Any interested person may file an application in court within five years from the date when the company is struck off the register, asking that the name of the company be restored on the Register of Companies and that the winding up process is reopened. The Court has to be satisfied that this is the only available remedy in order to grant the request. Also, any interested person may file an application in court after the striking off of the company name, asking that there will be a rectification of the scheme of distribution so that it will include an asset of the company which has been left out of the scheme. Any creditor who has not been paid may by an application filed in court within five years from the striking off of the company name, demanding to be paid.
The Commercial Code provides that a person is declared bankrupt when he suspends payments of his debt. A voluntary declaration of bankruptcy may be made to the Civil Court, First Hall by the trader and his lawful representative alternatively bankruptcy proceedings may also be initiated by the creditors. The fact that a person fails to pay substantial debts is enough proof of suspension of payments of his debts and thus should be considered to be in a state of bankruptcy.
The law strives to protect the interests of creditors in bankruptcy proceedings by granting the Registrar of Courts the power to call on the creditors and state why their debtor should not be declared to be in a state of bankruptcy, and in order that curators may be appointed.
Consequences of Bankruptcy
As from the date of the filing of the traders voluntary declaration in Court, or the date of the judgment of bankruptcy, the trader is dispossessed of the administration of all his property. Anything which devolves on the trader subsequent to bankruptcy will fall under dispossession except for charges on the property and allowance for maintenance. Furthermore, any debts not yet due become exigible upon declaration of bankruptcy. At this stage, a curator is appointed who takes over the assets of the trader and sells any perishable assets.
These consequences of bankruptcy arise from the law in order to protect the interests of the shareholders. The person cannot be absolved from the consequences of bankruptcy proceedings by choosing to pay some of his creditors.

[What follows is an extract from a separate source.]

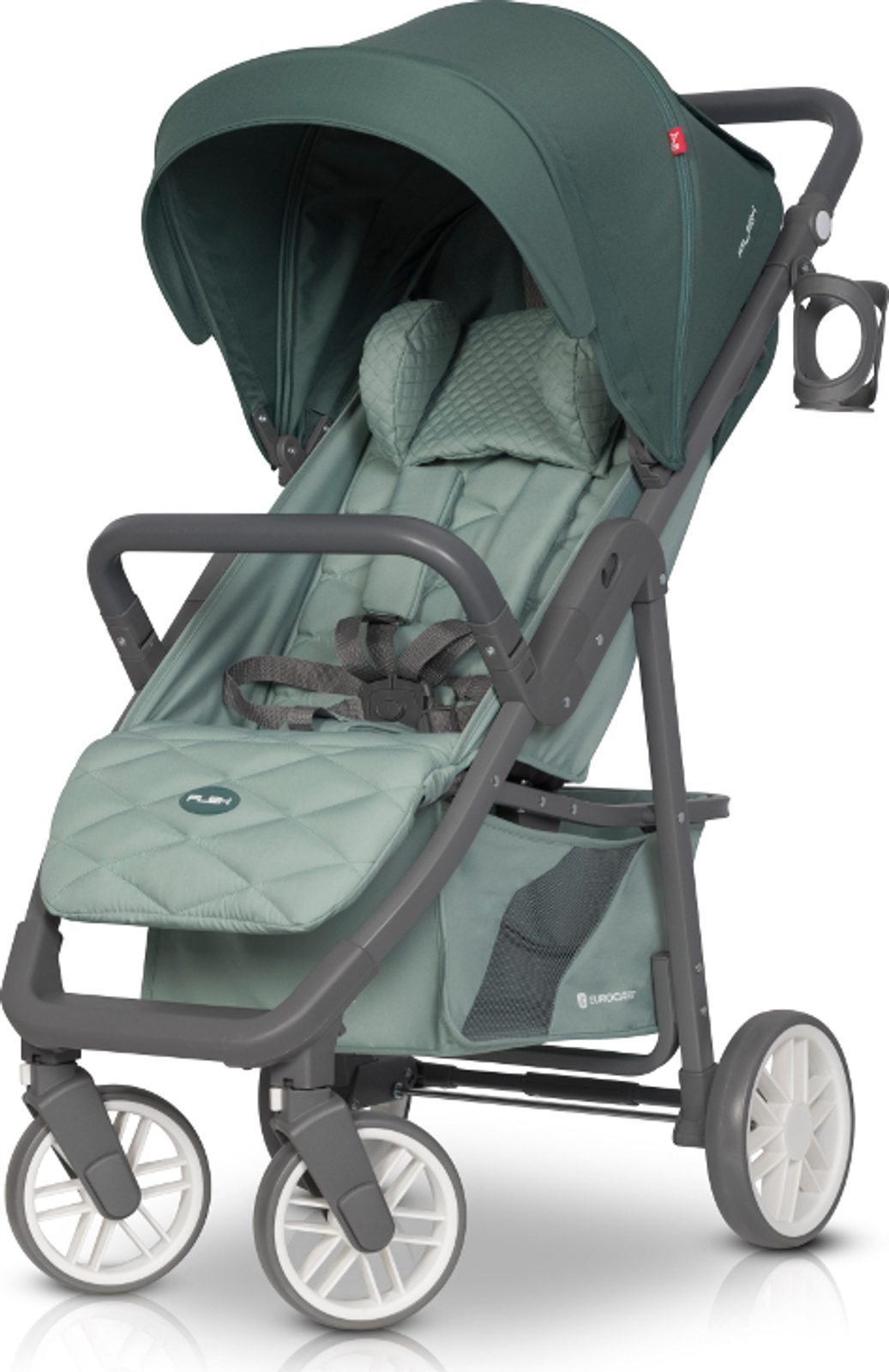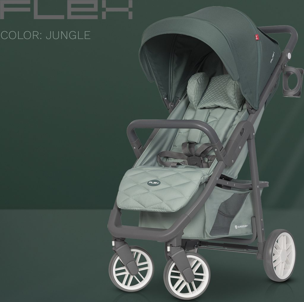 Sportovní kočárek EURO CART FLEX je "velkým bratrem" mimořádně oblíbeného modelu VOLT PRO. FLEX je ale větší kočárek s velkým sedátkem, který bude do konce vození určitě stačit. Maximální nosnost je 26,5 kg! Skládá se z maximální hmotnosti dítěte do 22 kg, zatížení korbičky pod kočárkem do 3 kg a volitelné tašky zavěšené na madle vozíku do 1,5 kg. Kola FLEXu jsou také větší než u jeho „bratříčka“. Pod kočárkem je velký nákupní košík s klopou na zip pro snadný přístup, když je zádová opěrka v leže. Díky výškovému nastavení rukojeti se FLEX pohodlně řídí pro vysoké i nízké rodiče. Snížení rukojeti také pomůže přivést kočárek k obrubníku. Nejnovější kolekce kočárku FLEX byla obohacena o dvě nové barvy: JUNGLE (odstíny zelené) a PEARL (odstíny šedé). Šedý matný rám dokonale ladí s šedými plastovými prvky, díky nimž FLEX dokonale ladí s nejmódnějšími barevnými trendy. Sedačka do kočárku FLEX je již certifikovaná pro děti od narození (0+ sedačka). To znamená, že v kočárku je možné přepravovat i děti, které ještě samy nesedí. Pamatujte však, že opěradlo by mělo být nastaveno v poloze vleže. Speciální 5-ti bodové bezpečnostní pásy jsou výškově nastavitelné, díky čemuž bude sedačka pohodlná pro miminko i velké dítě do hmotnosti 22 kg. Sluneční stříška je zavěšena vysoko na zádové opěrce kočárku, což znamená, že FLEX bez problémů pojme dítě o hmotnosti až 22 kg. Velká přídavná část budky je ukryta pod zipem. Po otevření můžete stříšku naklonit dopředu a dítě tak téměř zcela zakryjete. Nezapomněli jsme ani na vyhlídkové okénko dítěte. Nastavování budky má pohodlný a tichý mechanismus, který zajišťuje její stabilní polohu (vítr budku nesloží). V zadní části kočárku je velký větrací panel na zip a praktická kapsička na drobnosti. FLEX je standardně dodáván s širokou řadou příslušenství. Spolu s vozíkem dostanete návlek na nohy (ohřívač), celopláštěnku s větracími otvory, moskytiéru a držák na láhev.

Participants in Proceedings
A curator is appointed who takes over the assets of the trader and sells any perishable assets. The curators duty is primarily to preserve the debtors rights, register any unregistered hypothecs and sue on behalf of the bankrupt in order to collect any sums due to him. With the authorization of Court, he can also continue the business instead of the trader.
Set-off and Netting
By virtue of Act IV of 2003, the set-off and netting on bankruptcy or insolvency was regulated. The Set-off and Netting on Insolvency Act provides that any provisions for the set-off and netting due from each party to the other in respect of mutual credits, mutual debts or other mutual dealings shall be enforceable in accordance with its terms, whether before or after bankruptcy or insolvency, in respect of mutual debts, mutual credits or mutual dealings which have arisen or occurred before the bankruptcy or insolvency of one of the parties. This provision will not be applicable in case of fraud or in case where the insolvent party is a trader or a commercial partnership not being a company and the other party knew or ought to have known of the application for winding up and dissolution of the company due to insolvency.
Any authority or mandate in a contract to implement any close-out netting provision shall not be revoked by the declaration of bankruptcy or the insolvency of any other party to the contract.